Luo Xin, Chen Lin, Liu Wenhua, Dong Shuilin, Luo Hongping, Zhang Bixiang, Chen Xiaoping
Hepatic Surgery Center, Tongji Hospital, Tongji Medical College, Huazhong University of Science and Technology, Wuhan, China.
Hepatic Surgery Center, Tongji Hospital, Tongji Medical College, Huazhong University of Science and Technology, Wuhan, China.
J Surg Res. 2017 Jun 1;213:184-190. doi: 10.1016/j.jss.2017.02.033. Epub 2017 Feb 27.
The key points in hepatectomy are reducing blood loss and preservation of hepatic function. The aim of this study was to compare the perioperative outcomes of partial hepatectomy using two techniques of hepatic vascular inflow occlusion.
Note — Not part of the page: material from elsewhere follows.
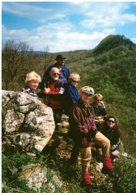
Na Križnom kamenu

U ovaj kraj najbolje je doći početkom proljeća ili u jesen kad nam pogled i putove ne zaklanja

A total of 1817 patients were selected from our multi-institutional hepatectomy database in China and classified into two groups: the hemihepatic inflow occlusion (HIO) group (n = 1693) and the ipsilateral portal vein branch occlusion (IPVBO) group (n = 124). Propensity score matching of patients in a ratio of 1:1 was conducted. The primary outcome was intraoperative blood loss. Secondary outcomes were postoperative liver function, postoperative morbidity and mortality, and duration of hospital stay after surgery.
After propensity score matching, there were 124 patients in the IPVBO group and the HIO group, respectively. There were no significant differences between the two groups regarding intraoperative blood loss, blood transfusion requirement, operating time, postoperative morbidity and mortality, and duration of hospital stay after surgery (P > 0.05). However, The IPVBO group was associated with significantly lower peak in postoperative ALT level than the HIO group (P < 0.05).
The results indicated that IPVBO did not lead to more intraoperative blood loss compared with HIO, and it decreased the peak of postoperative ALT level. In terms of postoperative morbidity and mortality, duration of hospital stay after surgery, IPVBO was also equal to HIO. Thus, IPVBO could be an alternative method of hepatic inflow occlusion.
肝切除的关键在于减少失血和保护肝功能。本研究的目的是比较两种肝血流阻断技术在肝部分切除术中的围手术期结果。
从我国多机构肝切除数据库中选取1817例患者,分为两组:半肝血流阻断(HIO)组(n = 1693)和同侧门静脉分支阻断(IPVBO)组(n = 124)。对患者进行1:1的倾向评分匹配。主要结局是术中失血。次要结局包括术后肝功能、术后发病率和死亡率以及术后住院时间。
倾向评分匹配后,IPVBO组和HIO组各有124例患者。两组在术中失血、输血需求、手术时间、术后发病率和死亡率以及术后住院时间方面无显著差异(P > 0.05)。然而,IPVBO组术后ALT水平峰值显著低于HIO组(P < 0.05)。
结果表明,与HIO相比,IPVBO不会导致更多的术中失血,且能降低术后ALT水平峰值。在术后发病率和死亡率、术后住院时间方面,IPVBO也与HIO相当。因此,IPVBO可作为一种肝血流阻断的替代方法。